# MKV VAG-COM Mods / Tweaks



## MKVJET08 (Feb 12, 2008)

Not sure if a thread like this has been created yet for the MKV platform, I couldn't find one. I'm looking for a thread with popular tweaks or mods that can be done to the MKV platform via VAG-COM; something similar to the sticky posted in this forum for the MKVI.

Some of the big ones I'm personally looking for are DRL disable, Roll up windows w/ key fob, and change voltage to accept xenons. But I'm sure this thread would be very helpful to a lot of people if everyone posted up any mods they had.

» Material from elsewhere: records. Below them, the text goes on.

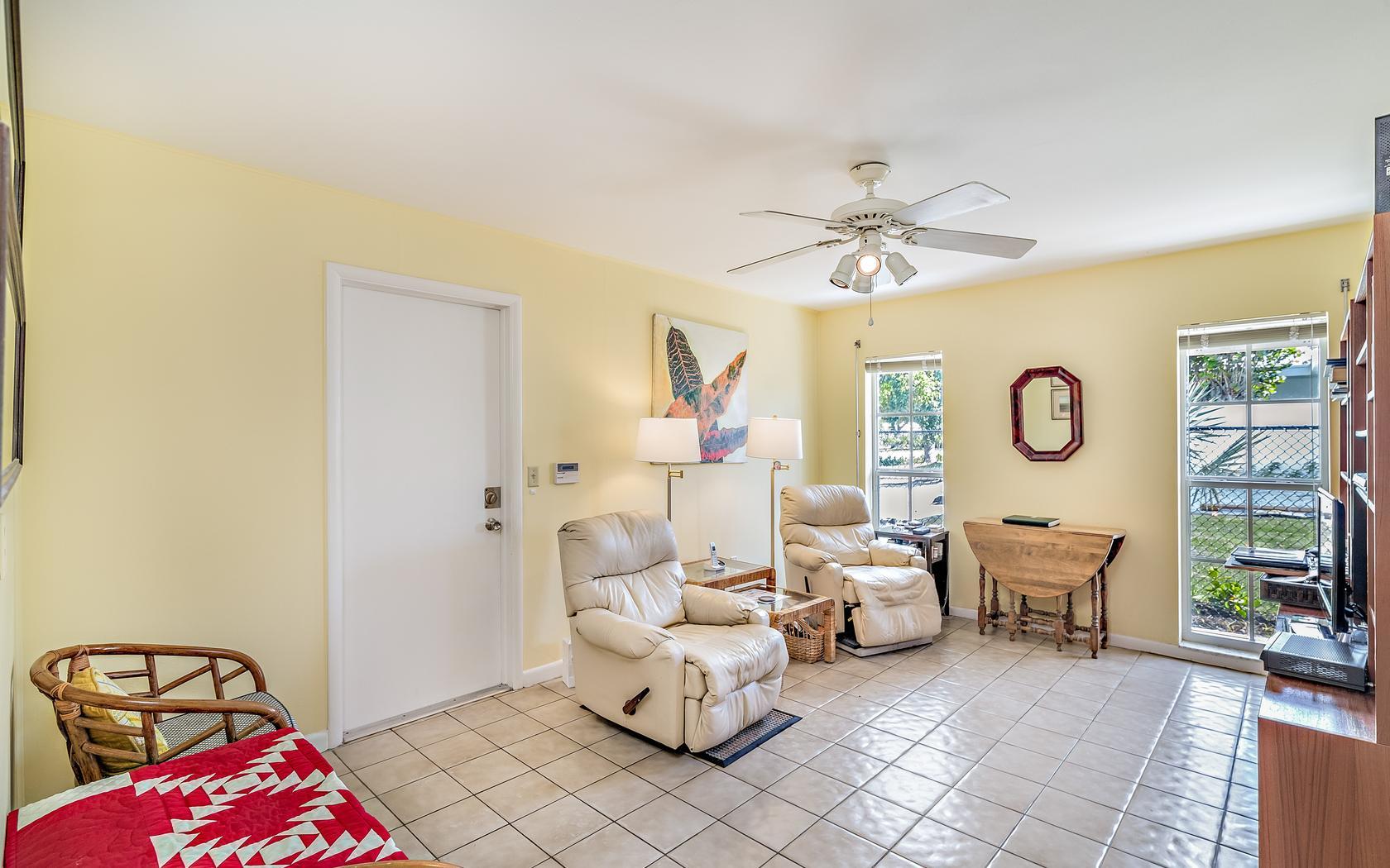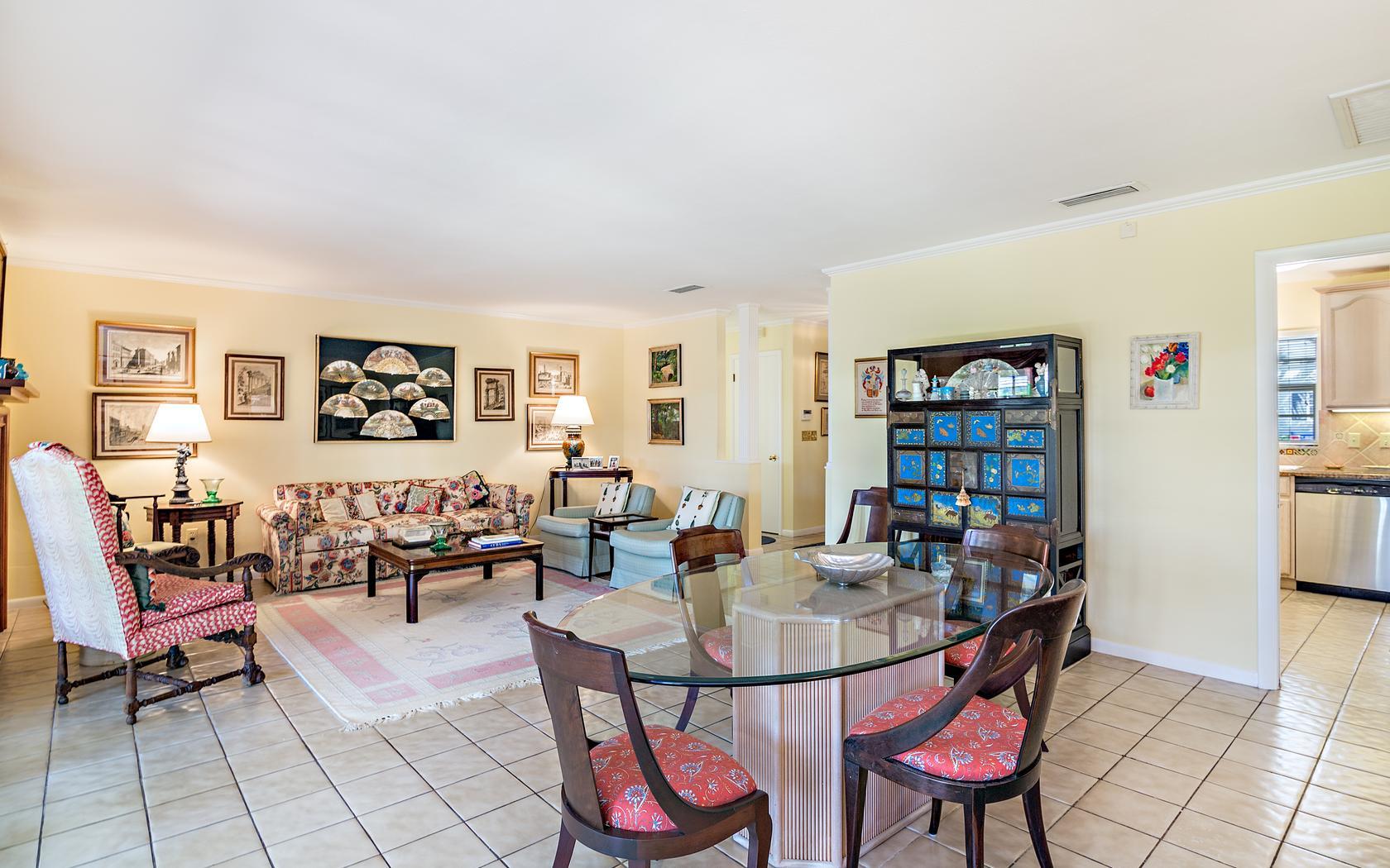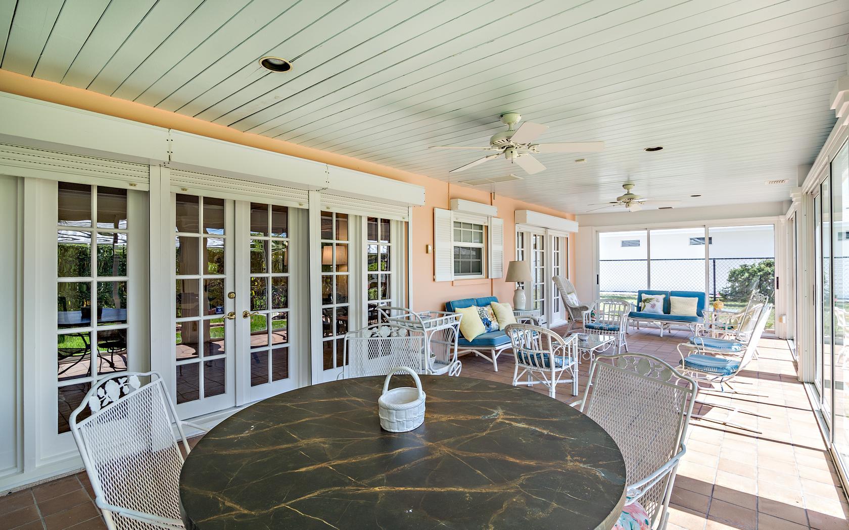Beautifully maintained 3 bedroom, 2 bath Bermuda style home situated on a large corner lot in the Southend with a 2 car garage. Just 5 houses off the Intracoastal Waterway and Flagler Drive, this immaculate home features a formal entry, large living and dining rooms with French doors to a beautiful glass enclosed Florida room with panoramic garden views. Great kitchen with granite counter tops opens to the family room. Large master suite with French doors and renovated master bath. Split floor plan with two additional spacious bedrooms and bath. 2 car garage with extra storage and plumbing for an additional bath. Beautifully landscaped yard with partial water views. Exceptional value in the Southend.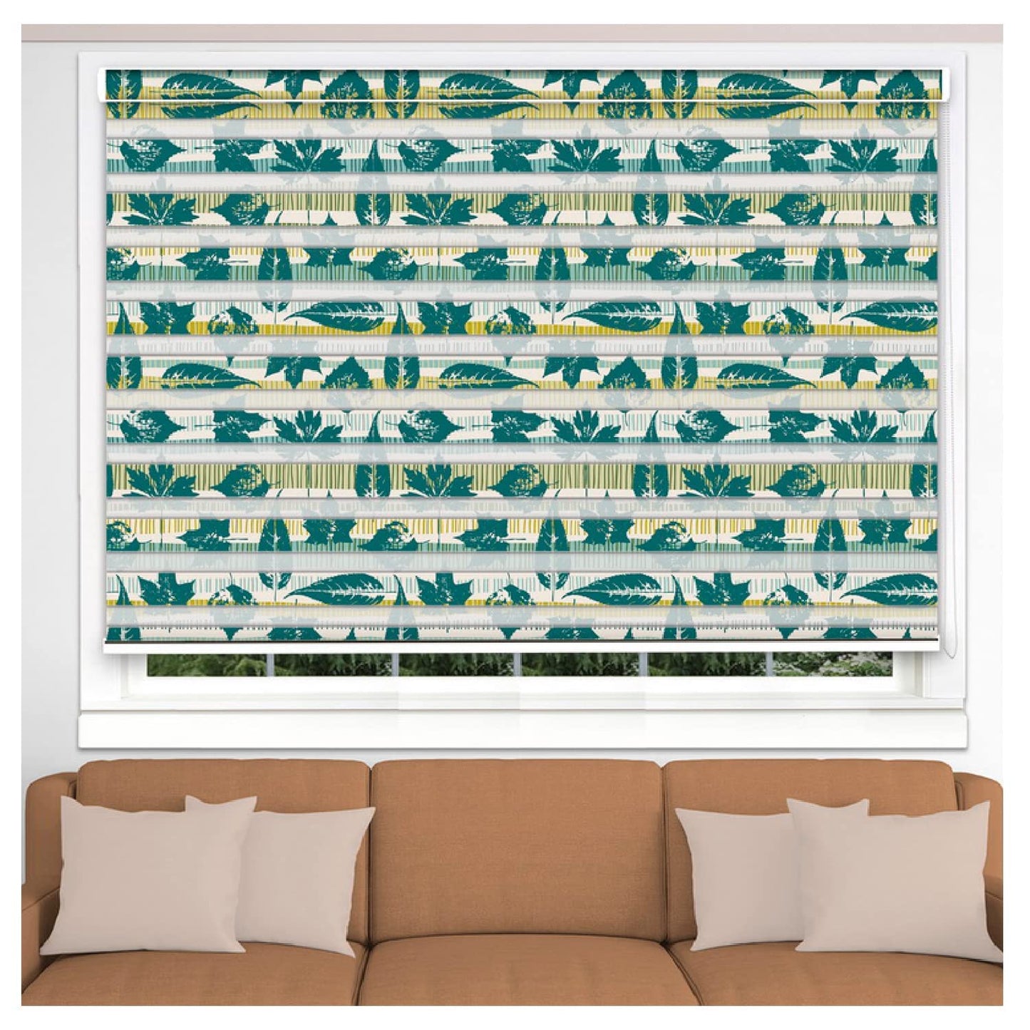 Zebra Blinds for Windows and Doors with Dual Shade, Horizontal Stripes, Blinds for Home & Office (Customized Size, Green Leaves Art)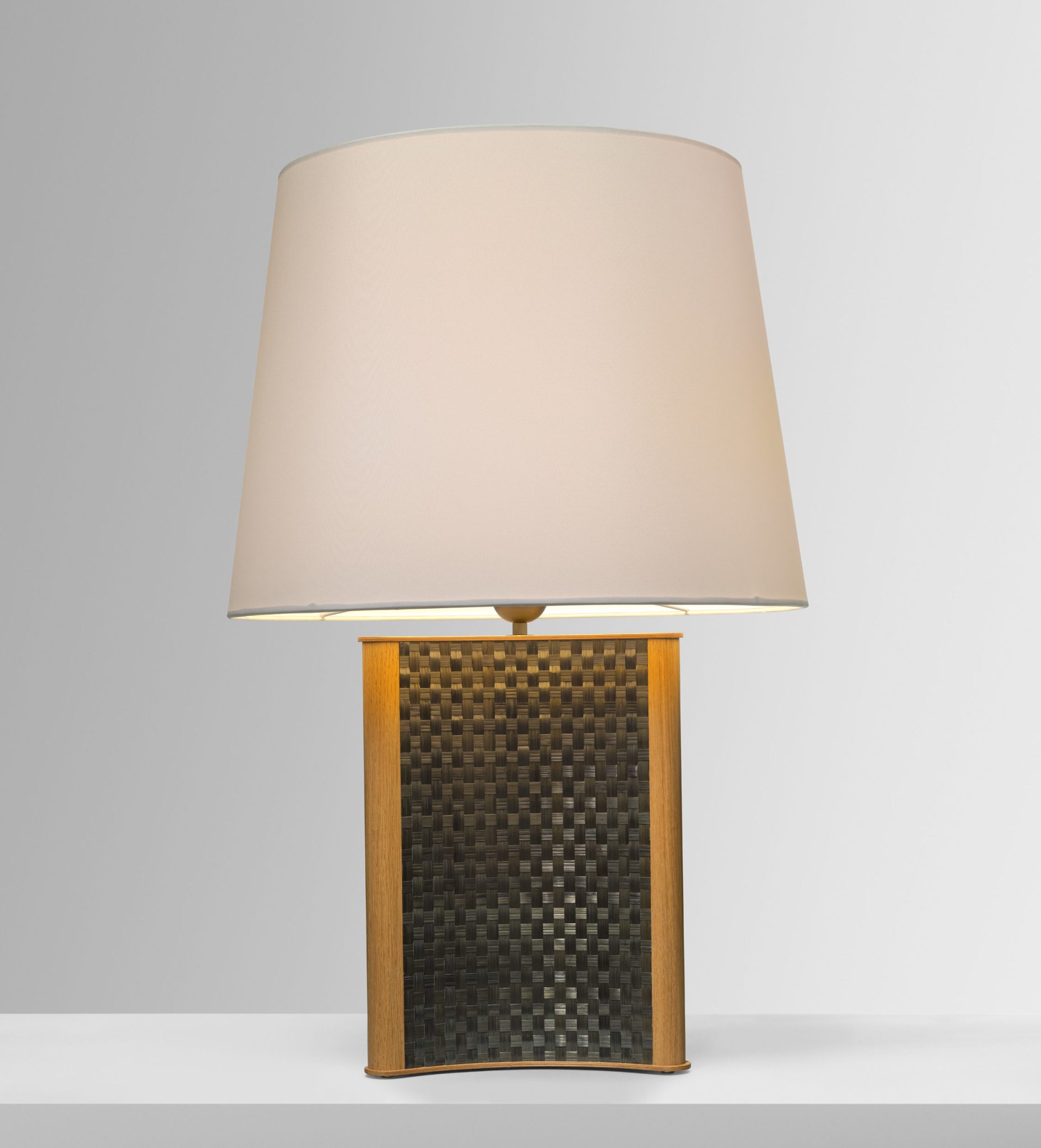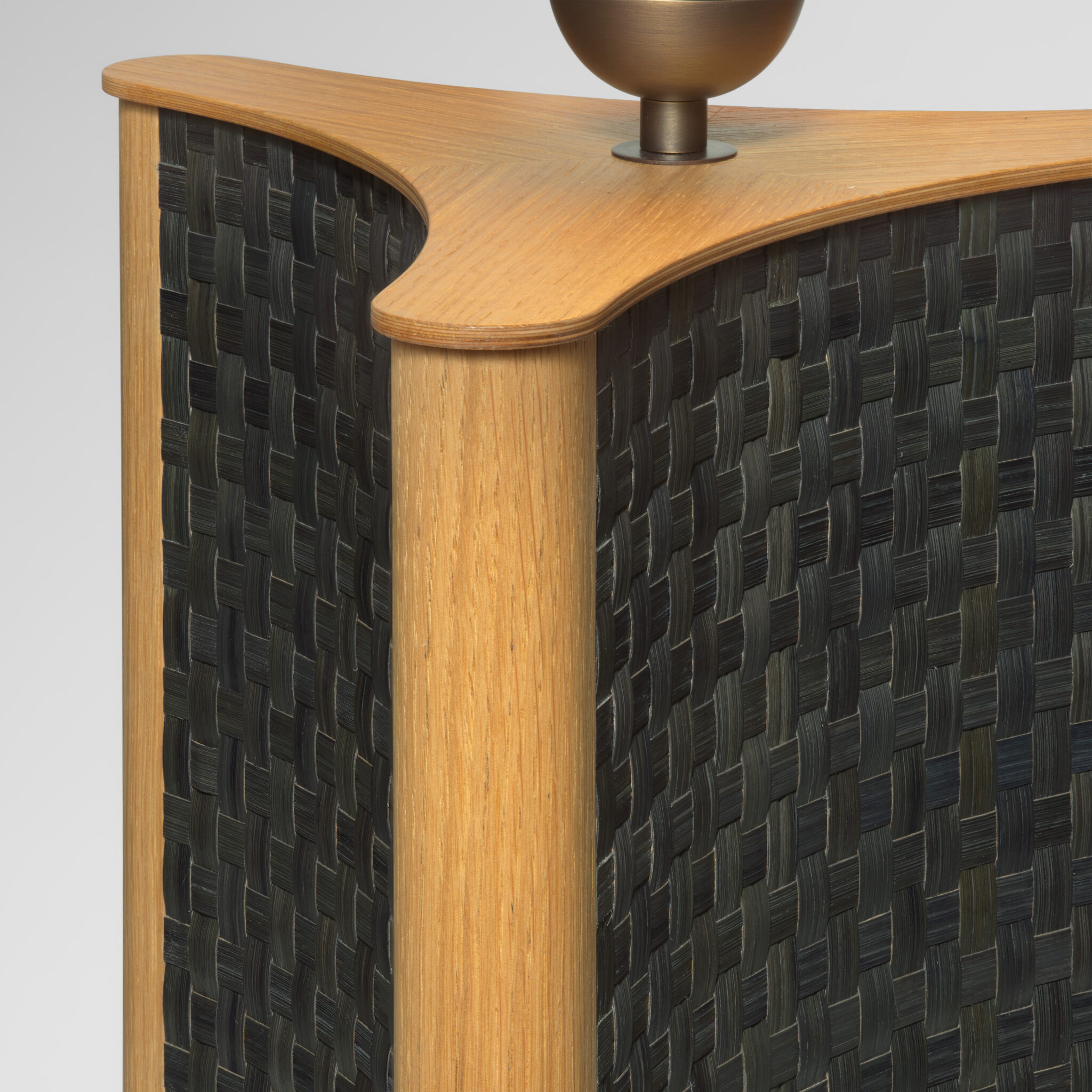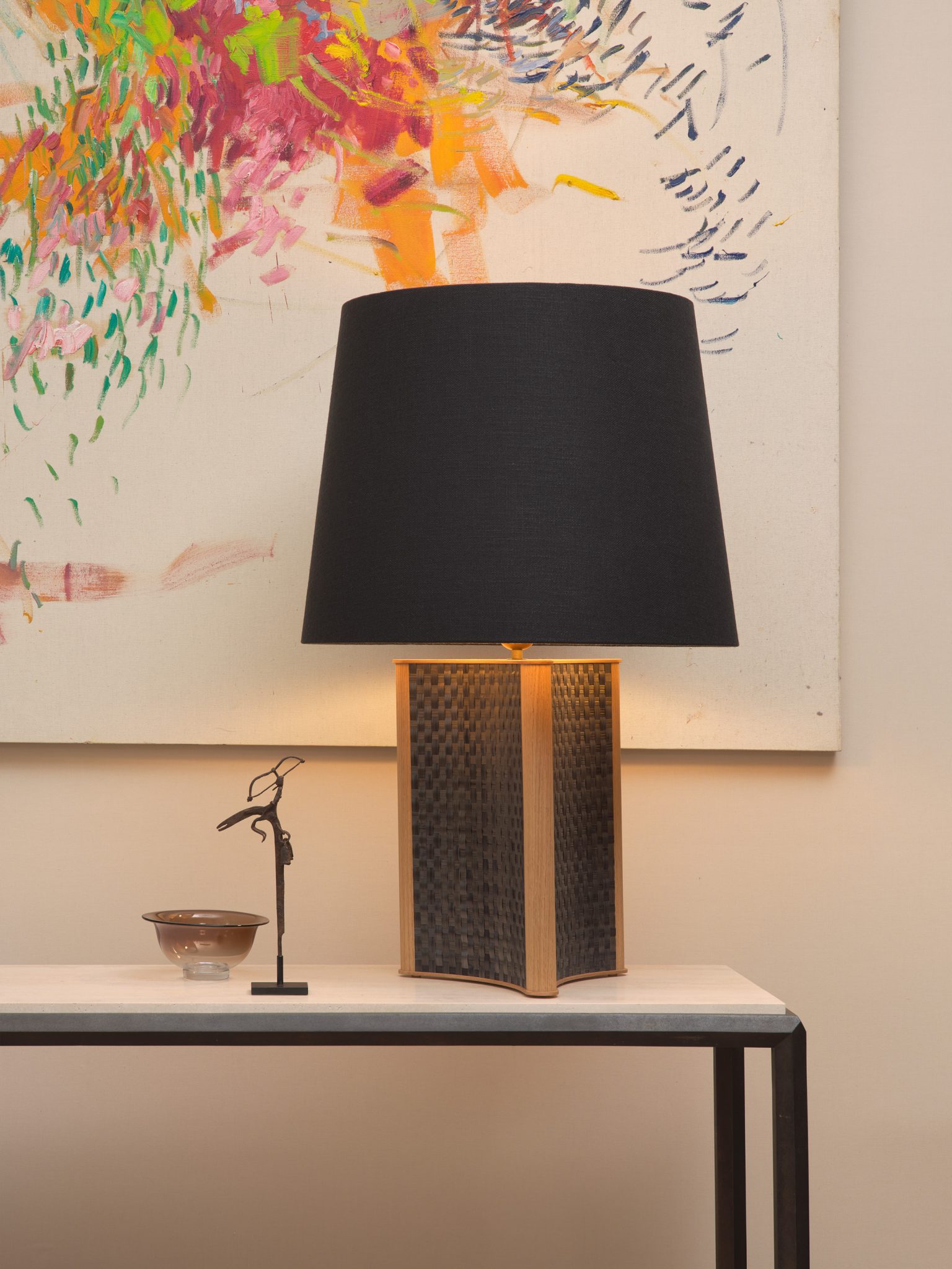 The Etoile lamp is adorned on its three curved sides with a delicate weave of dyed rye straw which shimmers discreetly between light and shadow.

So if you have any mods, post detailed instructions on how to do them


----------



## Uwe (Jan 16, 2000)

http://www.ross-tech.com/vag-com/cars/Golf5.html

-Uwe-


----------



## MKVJET08 (Feb 12, 2008)

Awesome. Thanks :beer:

I still would love to know how to change the voltage to run HIDs


----------



## Theresias (Feb 11, 2004)

Since the system isn't designed to run with a reduced voltage that is pretty much out of the question, besides that - what would be the reason why you wanna do that?!


----------



## MKVJET08 (Feb 12, 2008)

Theresias said:


> Since the system isn't designed to run with a reduced voltage that is pretty much out of the question, besides that - what would be the reason why you wanna do that?!


Why do I constantly see on here when people are trying to retrofit HIDs to get a vag-com and kill the DRLs and lower the voltage so that the HIDs don't flicker. What do you mean why? I would want to do that so I can run HIDs


----------



## Theresias (Feb 11, 2004)

Since you said HID installation I am assuming you are referring to one of these...

http://www.youtube.com/watch?v=yVuSSdZNsZw

...which are indeed illegal in most countries including the US.

The mentioned "flickering" is NOT caused by excessive voltage but instead by central electronics monitoring it's outputs. Factory Xenons have that disabled. VW explicitly forbids installing such aftermarket HIDs since they may cause harm to your other vehicle electronics. We have seen cases like that and in every case it has been quite expensive for the user.

Please understand that we will not provide any assistance for illegal retrofits. In case I am wrong and you are retrofitting factory xenons please feel free to post an Auto-Scan from the vehicle in question once you have installed the xenons and the necessary levelling hardware.


----------



## jetta 971 (Jul 25, 2009)

Theresias said:


> Since you said HID installation I am assuming you are referring to one of these...
> 
> http://www.youtube.com/watch?v=yVuSSdZNsZw
> 
> ...


 Agree 100% with you Sebastian if you want to do aftermarket HID-s.
I hate when in night someone comes with this aftermarket HID-s. It kills my eyes. Also there is lot of accidents cause by this kind of HID-s.

If you want to do right way here you go:
http://www.ecstuning.com/Volkswagen-Jetta_V--TDI/Search/Headlights/ES240951/


----------